▶ What to work on: Among the entries below, please repeat exactly and only the lines from the line containing "Personalizirana sličica sa" to the line containing "of the property.", both lines included.

▶ Supplied material:
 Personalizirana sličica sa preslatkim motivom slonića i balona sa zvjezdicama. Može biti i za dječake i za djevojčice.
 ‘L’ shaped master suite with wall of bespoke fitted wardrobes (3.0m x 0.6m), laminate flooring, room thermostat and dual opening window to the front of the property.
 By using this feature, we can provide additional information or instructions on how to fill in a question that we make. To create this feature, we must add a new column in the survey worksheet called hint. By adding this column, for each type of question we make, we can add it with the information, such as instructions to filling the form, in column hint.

--

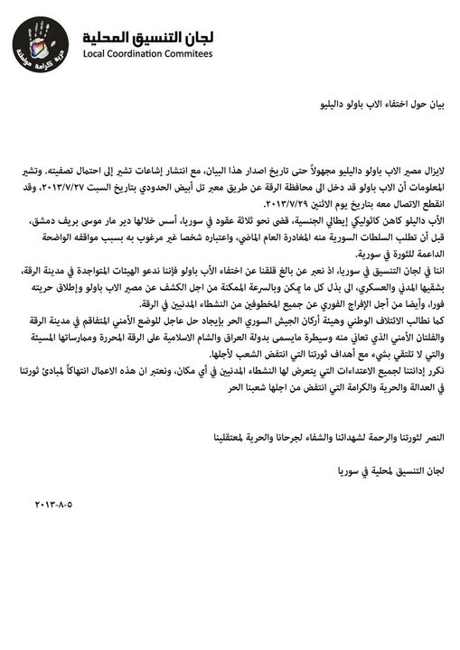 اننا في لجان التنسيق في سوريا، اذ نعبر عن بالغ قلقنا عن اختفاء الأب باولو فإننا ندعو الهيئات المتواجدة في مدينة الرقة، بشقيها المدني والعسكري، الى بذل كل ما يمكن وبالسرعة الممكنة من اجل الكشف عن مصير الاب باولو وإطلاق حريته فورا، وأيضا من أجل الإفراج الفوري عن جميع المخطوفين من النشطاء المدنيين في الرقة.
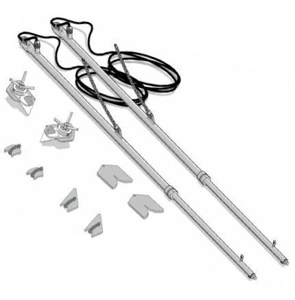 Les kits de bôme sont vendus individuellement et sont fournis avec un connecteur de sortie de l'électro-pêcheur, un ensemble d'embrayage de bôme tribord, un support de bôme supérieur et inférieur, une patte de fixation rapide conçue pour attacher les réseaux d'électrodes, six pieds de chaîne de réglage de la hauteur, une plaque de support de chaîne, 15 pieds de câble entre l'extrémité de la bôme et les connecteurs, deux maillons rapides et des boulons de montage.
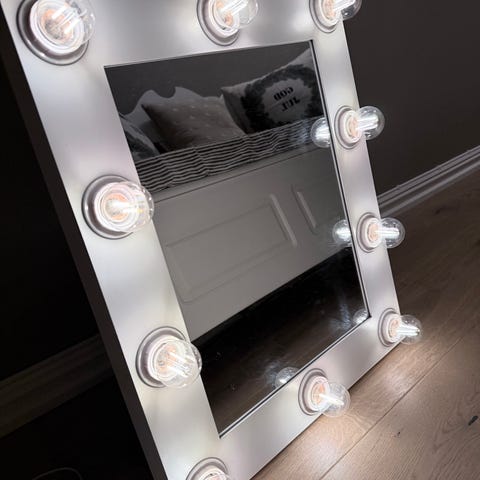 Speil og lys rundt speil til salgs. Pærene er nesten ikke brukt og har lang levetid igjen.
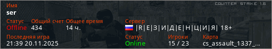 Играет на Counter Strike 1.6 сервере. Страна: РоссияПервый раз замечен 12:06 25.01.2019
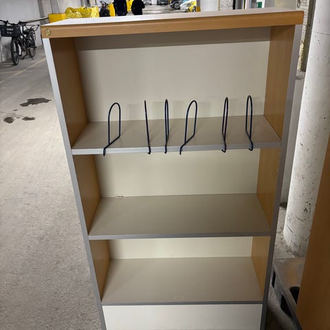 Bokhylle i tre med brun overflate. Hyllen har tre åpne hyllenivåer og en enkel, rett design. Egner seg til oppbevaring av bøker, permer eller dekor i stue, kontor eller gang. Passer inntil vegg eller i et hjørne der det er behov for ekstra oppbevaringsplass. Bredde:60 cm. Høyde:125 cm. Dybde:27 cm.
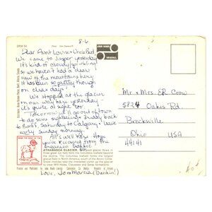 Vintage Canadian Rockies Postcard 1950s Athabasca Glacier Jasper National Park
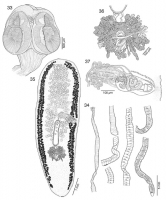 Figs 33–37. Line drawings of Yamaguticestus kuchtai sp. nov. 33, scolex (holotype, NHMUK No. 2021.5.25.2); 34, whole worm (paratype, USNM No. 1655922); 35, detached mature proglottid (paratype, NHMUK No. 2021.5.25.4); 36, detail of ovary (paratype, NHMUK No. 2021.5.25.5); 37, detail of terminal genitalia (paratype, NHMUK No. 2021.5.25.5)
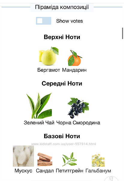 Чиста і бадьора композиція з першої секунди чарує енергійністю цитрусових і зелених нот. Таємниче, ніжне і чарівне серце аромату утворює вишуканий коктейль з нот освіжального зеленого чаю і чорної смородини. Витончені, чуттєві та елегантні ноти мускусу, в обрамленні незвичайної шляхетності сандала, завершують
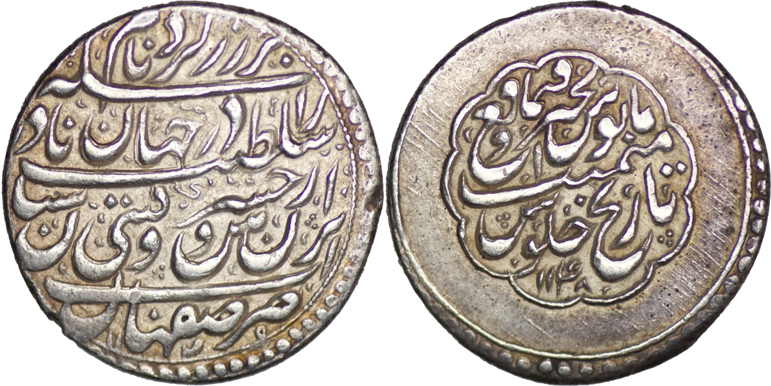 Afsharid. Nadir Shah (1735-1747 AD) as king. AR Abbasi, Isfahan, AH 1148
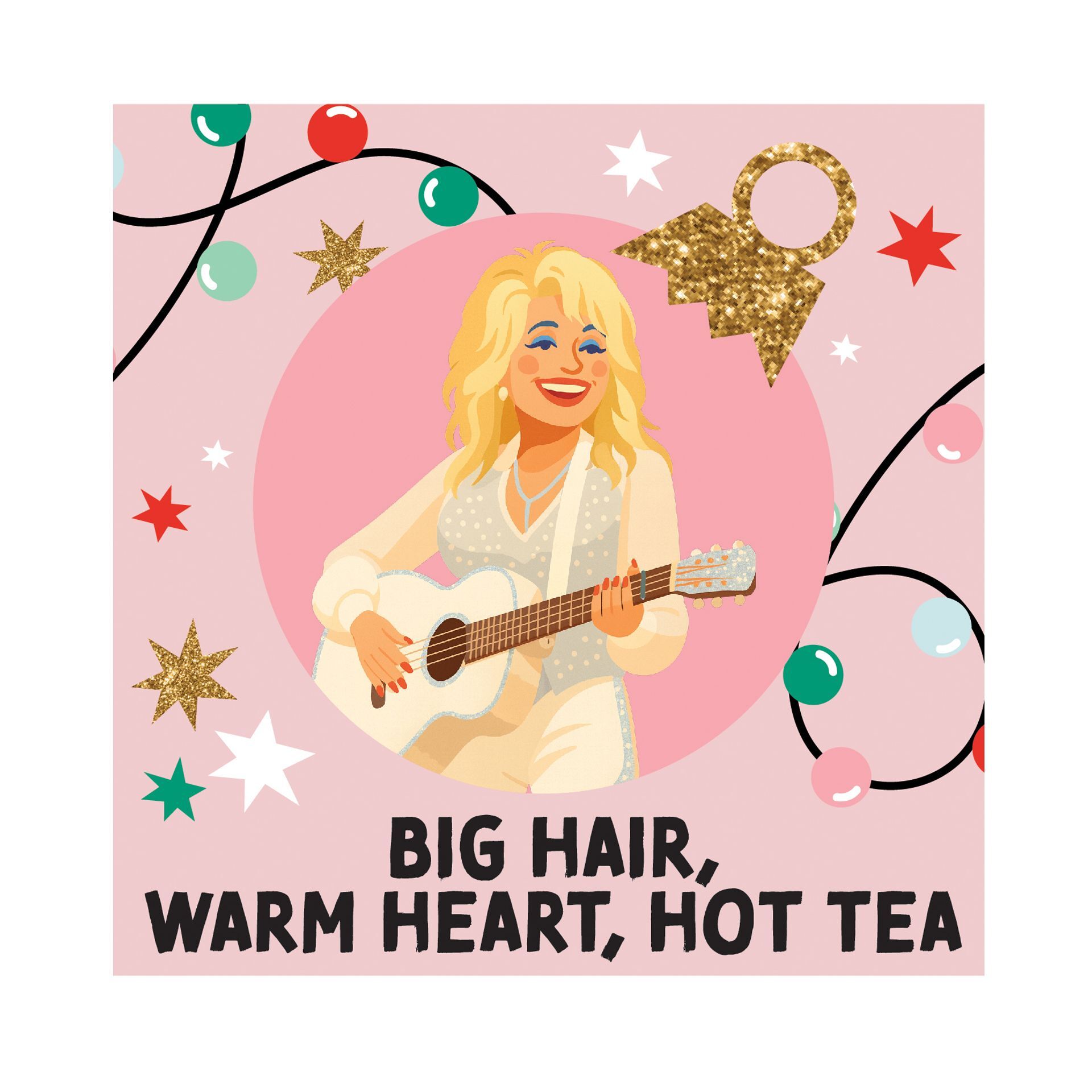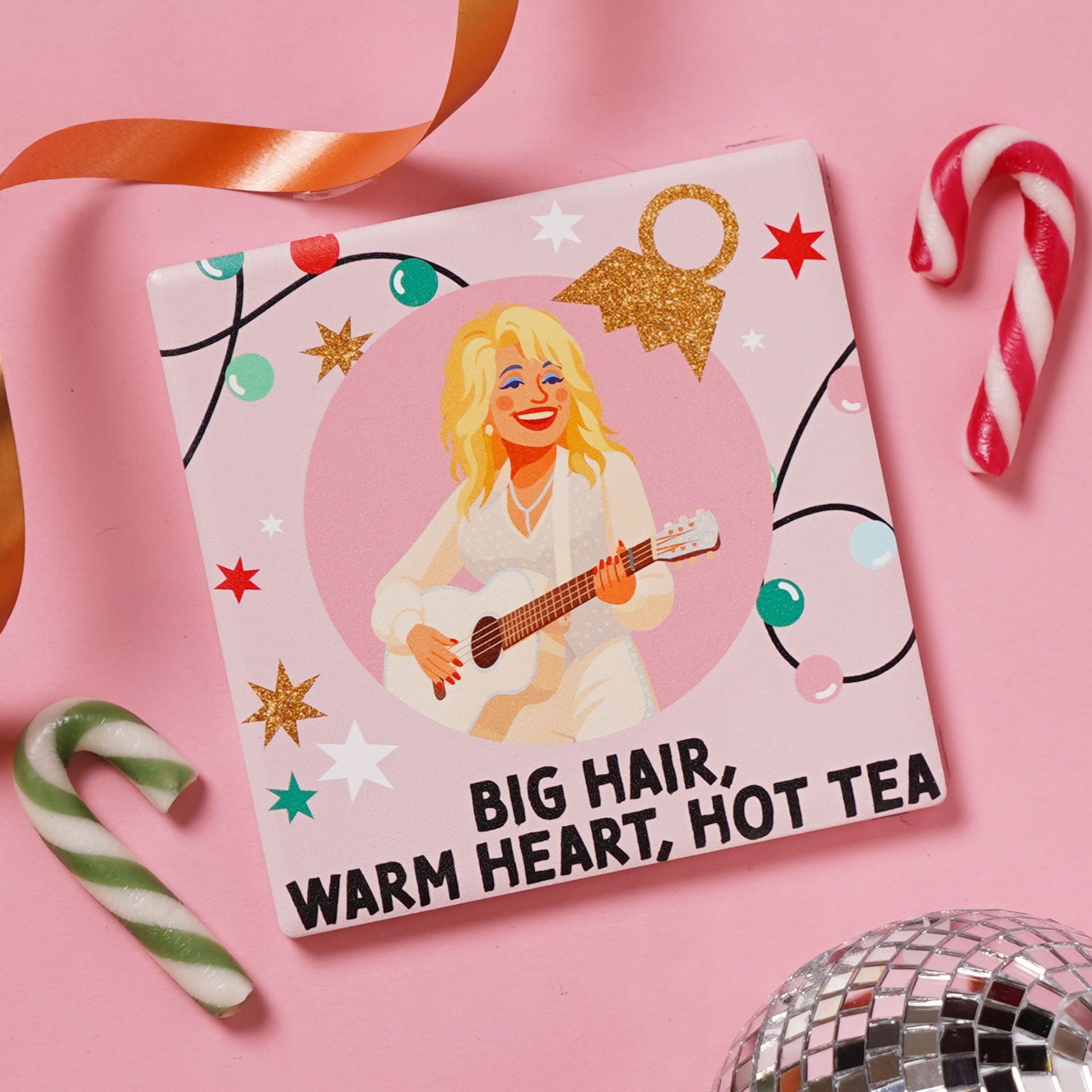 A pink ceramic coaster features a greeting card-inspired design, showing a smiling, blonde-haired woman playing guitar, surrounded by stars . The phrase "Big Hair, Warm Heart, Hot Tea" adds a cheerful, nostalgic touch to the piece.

...

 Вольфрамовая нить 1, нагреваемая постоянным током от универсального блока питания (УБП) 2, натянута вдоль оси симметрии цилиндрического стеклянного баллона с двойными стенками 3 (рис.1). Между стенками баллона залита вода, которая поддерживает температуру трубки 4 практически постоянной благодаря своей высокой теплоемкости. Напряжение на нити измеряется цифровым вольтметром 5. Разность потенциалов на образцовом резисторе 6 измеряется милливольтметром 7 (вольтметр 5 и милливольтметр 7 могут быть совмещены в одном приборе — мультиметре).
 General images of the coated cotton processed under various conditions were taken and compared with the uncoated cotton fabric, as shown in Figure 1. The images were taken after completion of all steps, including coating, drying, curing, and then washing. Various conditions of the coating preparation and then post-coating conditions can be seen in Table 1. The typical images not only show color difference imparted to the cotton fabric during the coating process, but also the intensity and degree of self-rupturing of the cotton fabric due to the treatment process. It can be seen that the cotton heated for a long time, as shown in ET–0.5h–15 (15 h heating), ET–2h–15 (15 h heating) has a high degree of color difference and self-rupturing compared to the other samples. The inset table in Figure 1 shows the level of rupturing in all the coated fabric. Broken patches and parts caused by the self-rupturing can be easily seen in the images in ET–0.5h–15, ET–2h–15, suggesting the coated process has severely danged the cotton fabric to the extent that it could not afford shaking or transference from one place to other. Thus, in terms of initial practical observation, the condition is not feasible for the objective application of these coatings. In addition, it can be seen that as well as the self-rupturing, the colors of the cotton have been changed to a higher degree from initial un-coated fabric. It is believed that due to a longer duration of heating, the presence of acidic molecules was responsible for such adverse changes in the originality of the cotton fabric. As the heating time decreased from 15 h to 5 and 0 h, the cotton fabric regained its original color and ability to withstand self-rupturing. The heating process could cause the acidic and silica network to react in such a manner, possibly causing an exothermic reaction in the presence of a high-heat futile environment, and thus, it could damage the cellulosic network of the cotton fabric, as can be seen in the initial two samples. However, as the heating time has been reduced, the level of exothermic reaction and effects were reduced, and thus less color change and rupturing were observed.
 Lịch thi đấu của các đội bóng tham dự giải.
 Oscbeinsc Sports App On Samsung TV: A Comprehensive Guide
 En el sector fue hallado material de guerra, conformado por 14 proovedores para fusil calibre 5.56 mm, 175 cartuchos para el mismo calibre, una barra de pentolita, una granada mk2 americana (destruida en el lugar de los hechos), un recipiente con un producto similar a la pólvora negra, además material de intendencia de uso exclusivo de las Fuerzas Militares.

▶ Solution for this problem:
 Personalizirana sličica sa preslatkim motivom slonića i balona sa zvjezdicama. Može biti i za dječake i za djevojčice.
 ‘L’ shaped master suite with wall of bespoke fitted wardrobes (3.0m x 0.6m), laminate flooring, room thermostat and dual opening window to the front of the property.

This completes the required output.